BEGIN DATA IN THIS EXERCISE
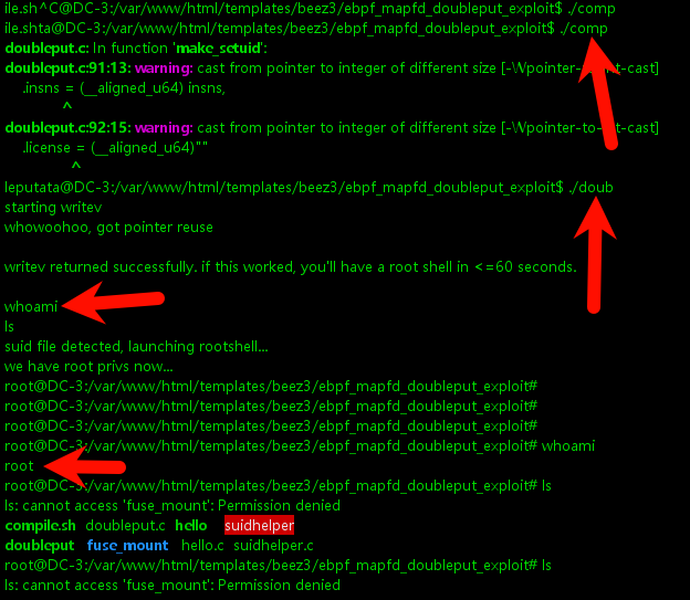 注:直接用脏牛(40611.c)时靶机容易崩溃,因此换用了更稳定的 eBPF 利用方式。
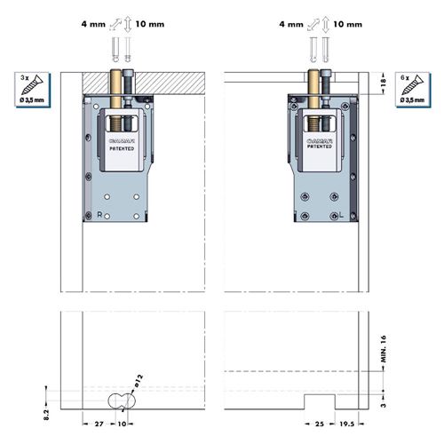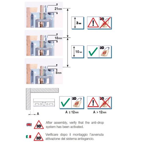Supporti pensili da montare nel vano dietro lo schienale del mobile Gestione delle regolazione dalla parte superiore del mobile Regolazione frontale 4 mm. Regolazione verticale 10 mm. Realizzato in acciaio e zama Fissaggio con viti
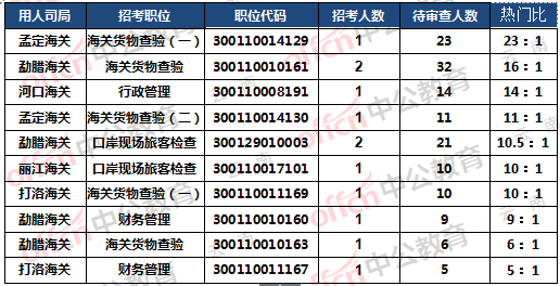 當前孟定海關職位代碼300110014129的崗位相比報名人數(shù)為多,招1人,23人報名待審,熱門比為:23:1
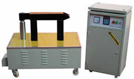 4、時間到或溫度到,主回路斷開,完成退磁動作,撥動升降手柄,轉動軛鐵取下工件安裝。
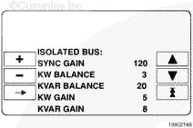 kW 平衡:此功能調(diào)整發(fā)電機(jī)組的 kW 負(fù)載分配功能。在調(diào)整此項(xiàng)數(shù)值前,應(yīng)進(jìn)行所有發(fā)電機(jī)組的標(biāo)定。如果系統(tǒng)上的總負(fù)載沒(méi)有按比例分配,可以利用 kW 平衡調(diào)整發(fā)電機(jī)組,達(dá)到更精確的負(fù)載分配。增大 kW 平衡的數(shù)值將使發(fā)電機(jī)組降低本臺(tái)發(fā)電機(jī)組占總 kW 負(fù)載的百分比。
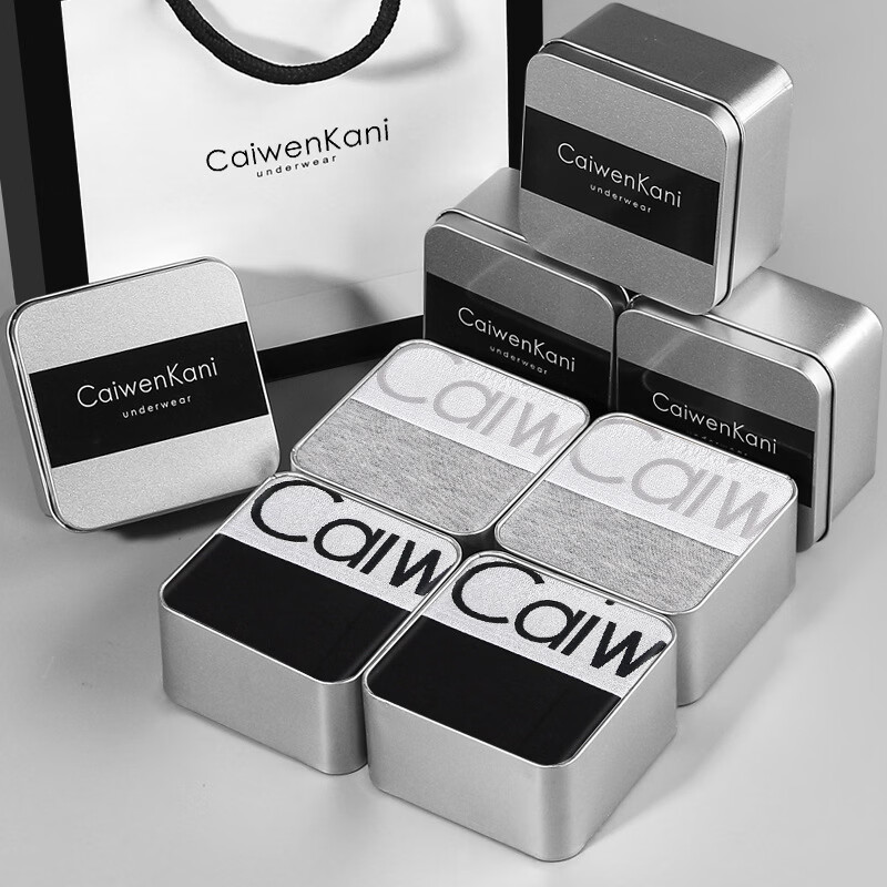 CK男士内裤纯棉莫代尔平角裤男内裤石墨烯档四角裤银罐礼盒 银罐男士内裤(黑、灰、白) 3条 2XL _155-175斤
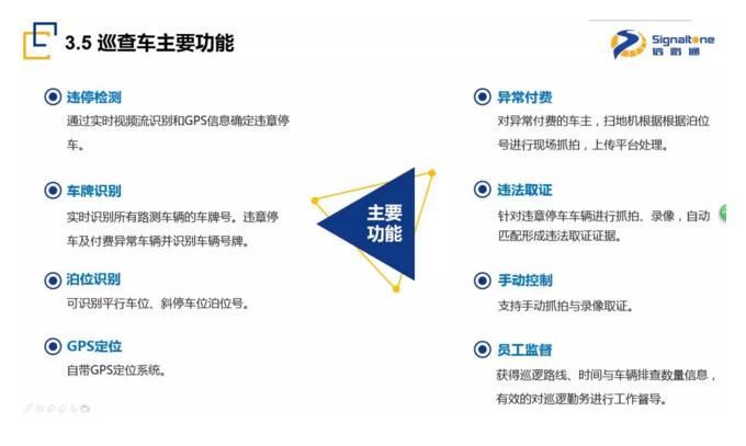 巡查車的車載視頻記錄可作為證據(jù)使用,而且能解決付費(fèi)異常和違章停車的問題,能準(zhǔn)確記錄所有車輛的車牌號、車位號、時間工號等多方面的信息。設(shè)備放置在巡查車頂,可全方位獲得車尾、全景、車頭相關(guān)車輛的信息,。
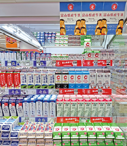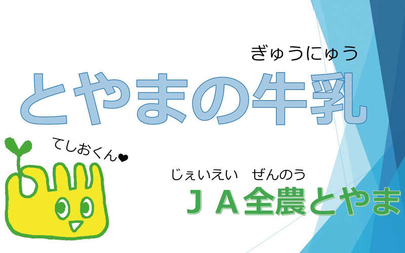 富山県本部は、富山県産牛乳の統一マークが新たに完成したことから、小学校での特別授業や量販店の売り場でのPR強化を通じ、食育の推進、消費拡大と地産地消に取り組んでいます。
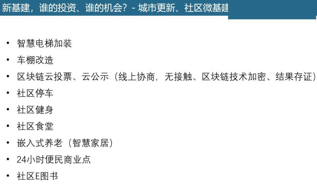 周向红在 “全景资本圈·云直播”节目中提出一个全新的观点,城市更新过程中的社区微基建,可能是一个非常不错的方向,其中包含了智慧电梯的家装、车棚改造、社区停车、社区食堂、嵌入性养老等等,这次两会中也特别提到了智能电梯的加装。
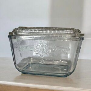 Vintage Fire King Clear Glass Refrigerator Dish - Elegant Retro Storage With Lid
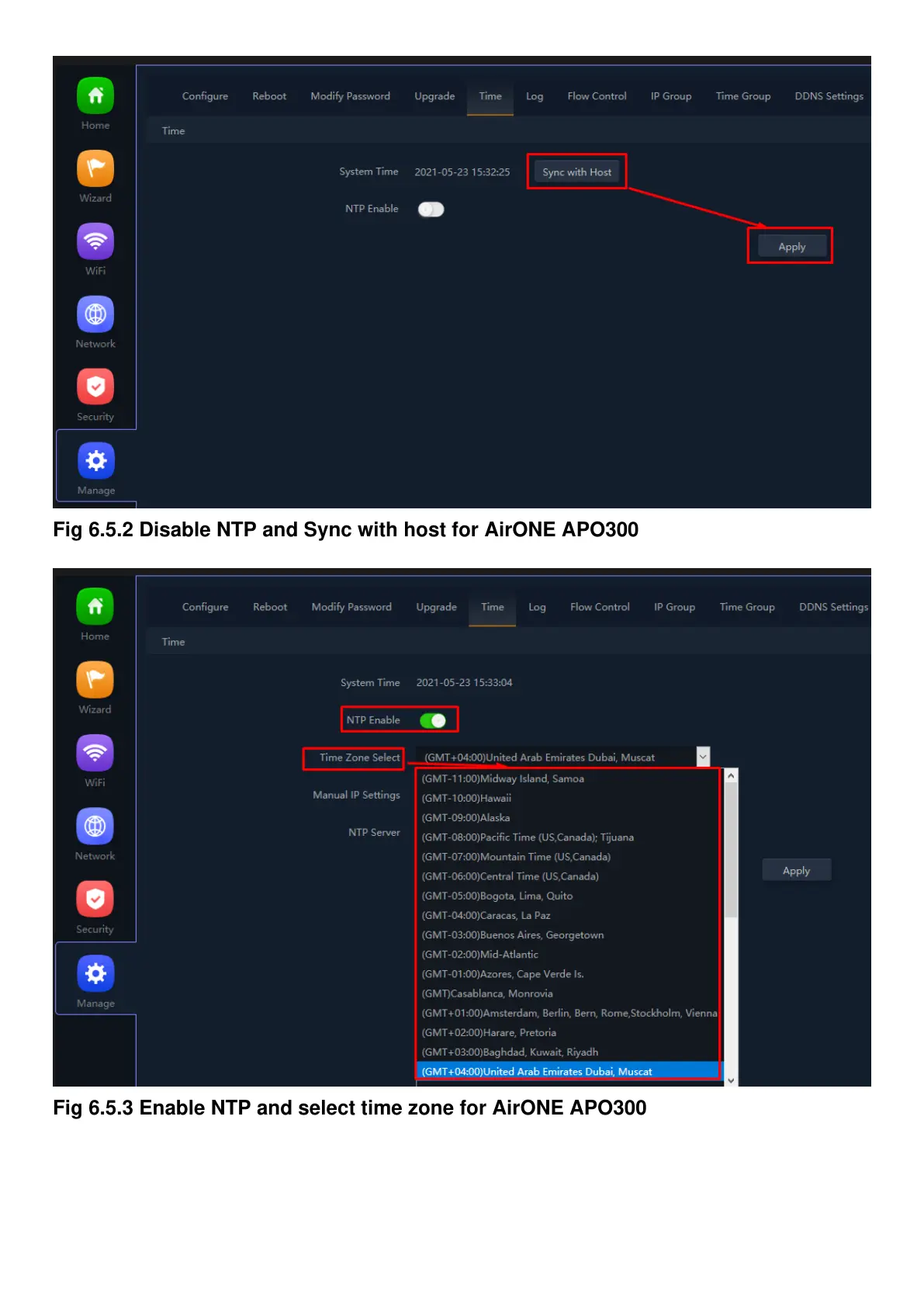 Fig 6.5.3 Enable NTP and select time zone for AirONE APO300
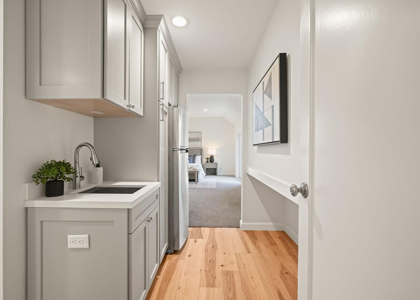 This laundry room features a compact layout with light gray cabinetry that offers a modern touch. A sleek, white countertop provides workspace next to a stainless steel sink, ideal for utility tasks. In the corner, a full-size refrigerator complements the cabinetry, enhancing functionality. Subtle natural light filters in, casting a warm glow on the polished wooden floor, which showcases golden tones. A decorative potted plant adds a hint of greenery, creating a fresh atmosphere. The open entryway leads to an inviting living space beyond, where soft carpets and neutral tones continue the design theme.
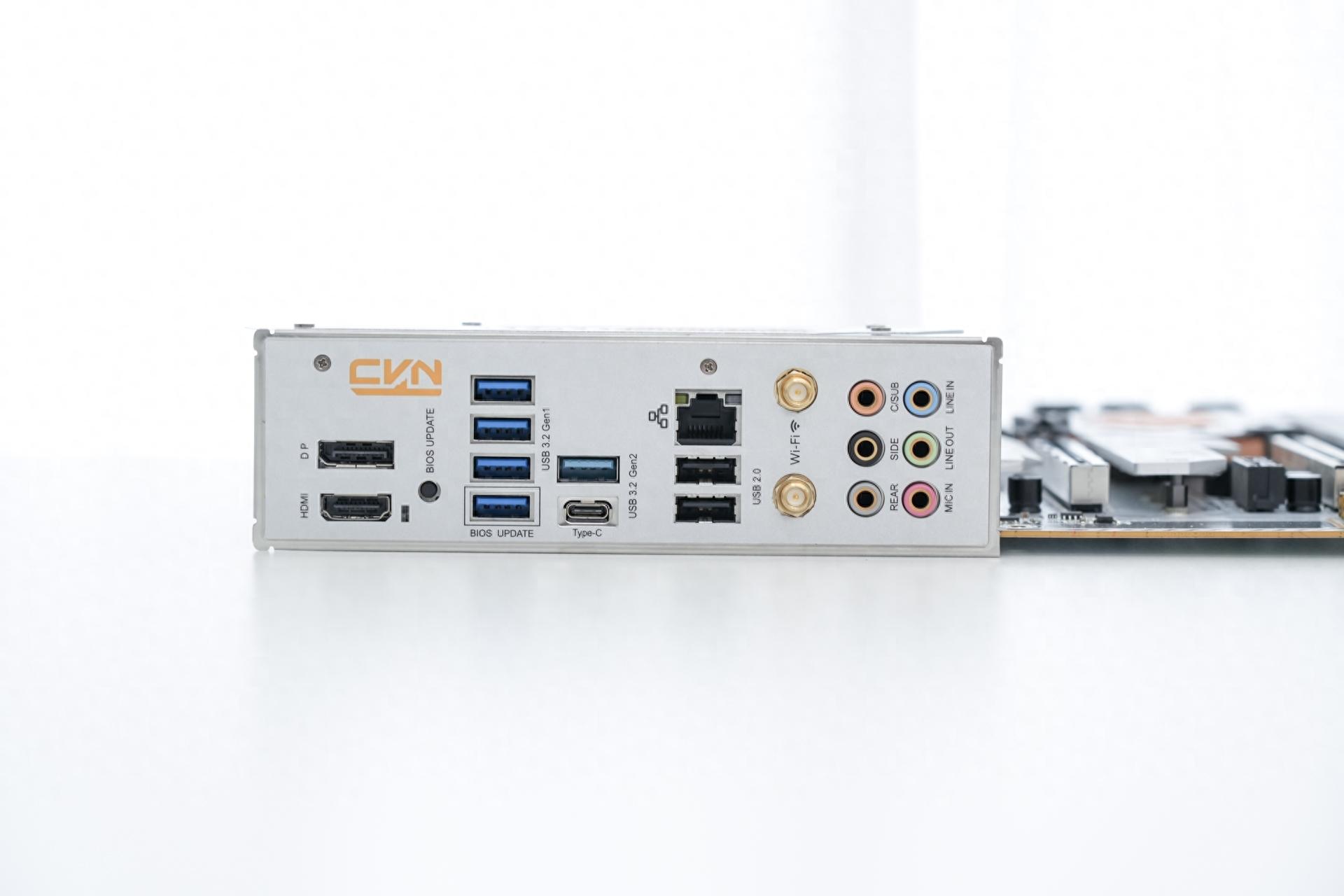 七彩虹CVN Z790D5 GAMING FROZEN巡洋舰的颜值是我选择它的主要缘由,银白色设计加上CVN家族硬朗炫酷的军舰风格,另外在散热装甲上还采用了紫铜材质,在主板的散热装甲上还有主板PCB上能看到点缀有CVN的logo标识,整体风格可谓是极其高调。
END DATA IN THIS EXERCISE
THE PROBLEM: Return all records verbatim and drop the pictures.

EXERCISE SOLUTION:
 注:直接用脏牛(40611.c)时靶机容易崩溃,因此换用了更稳定的 eBPF 利用方式。
Supporti pensili da montare nel vano dietro lo schienale del mobile Gestione delle regolazione dalla parte superiore del mobile Regolazione frontale 4 mm. Regolazione verticale 10 mm. Realizzato in acciaio e zama Fissaggio con viti
 當前孟定海關職位代碼300110014129的崗位相比報名人數(shù)為多,招1人,23人報名待審,熱門比為:23:1
 4、時間到或溫度到,主回路斷開,完成退磁動作,撥動升降手柄,轉動軛鐵取下工件安裝。
 kW 平衡:此功能調(diào)整發(fā)電機(jī)組的 kW 負(fù)載分配功能。在調(diào)整此項(xiàng)數(shù)值前,應(yīng)進(jìn)行所有發(fā)電機(jī)組的標(biāo)定。如果系統(tǒng)上的總負(fù)載沒(méi)有按比例分配,可以利用 kW 平衡調(diào)整發(fā)電機(jī)組,達(dá)到更精確的負(fù)載分配。增大 kW 平衡的數(shù)值將使發(fā)電機(jī)組降低本臺(tái)發(fā)電機(jī)組占總 kW 負(fù)載的百分比。
 CK男士内裤纯棉莫代尔平角裤男内裤石墨烯档四角裤银罐礼盒 银罐男士内裤(黑、灰、白) 3条 2XL _155-175斤
 巡查車的車載視頻記錄可作為證據(jù)使用,而且能解決付費(fèi)異常和違章停車的問題,能準(zhǔn)確記錄所有車輛的車牌號、車位號、時間工號等多方面的信息。設(shè)備放置在巡查車頂,可全方位獲得車尾、全景、車頭相關(guān)車輛的信息,。
 富山県本部は、富山県産牛乳の統一マークが新たに完成したことから、小学校での特別授業や量販店の売り場でのPR強化を通じ、食育の推進、消費拡大と地産地消に取り組んでいます。
 周向红在 “全景资本圈·云直播”节目中提出一个全新的观点,城市更新过程中的社区微基建,可能是一个非常不错的方向,其中包含了智慧电梯的家装、车棚改造、社区停车、社区食堂、嵌入性养老等等,这次两会中也特别提到了智能电梯的加装。
 Vintage Fire King Clear Glass Refrigerator Dish - Elegant Retro Storage With Lid
 Fig 6.5.3 Enable NTP and select time zone for AirONE APO300
 This laundry room features a compact layout with light gray cabinetry that offers a modern touch. A sleek, white countertop provides workspace next to a stainless steel sink, ideal for utility tasks. In the corner, a full-size refrigerator complements the cabinetry, enhancing functionality. Subtle natural light filters in, casting a warm glow on the polished wooden floor, which showcases golden tones. A decorative potted plant adds a hint of greenery, creating a fresh atmosphere. The open entryway leads to an inviting living space beyond, where soft carpets and neutral tones continue the design theme.
 七彩虹CVN Z790D5 GAMING FROZEN巡洋舰的颜值是我选择它的主要缘由,银白色设计加上CVN家族硬朗炫酷的军舰风格,另外在散热装甲上还采用了紫铜材质,在主板的散热装甲上还有主板PCB上能看到点缀有CVN的logo标识,整体风格可谓是极其高调。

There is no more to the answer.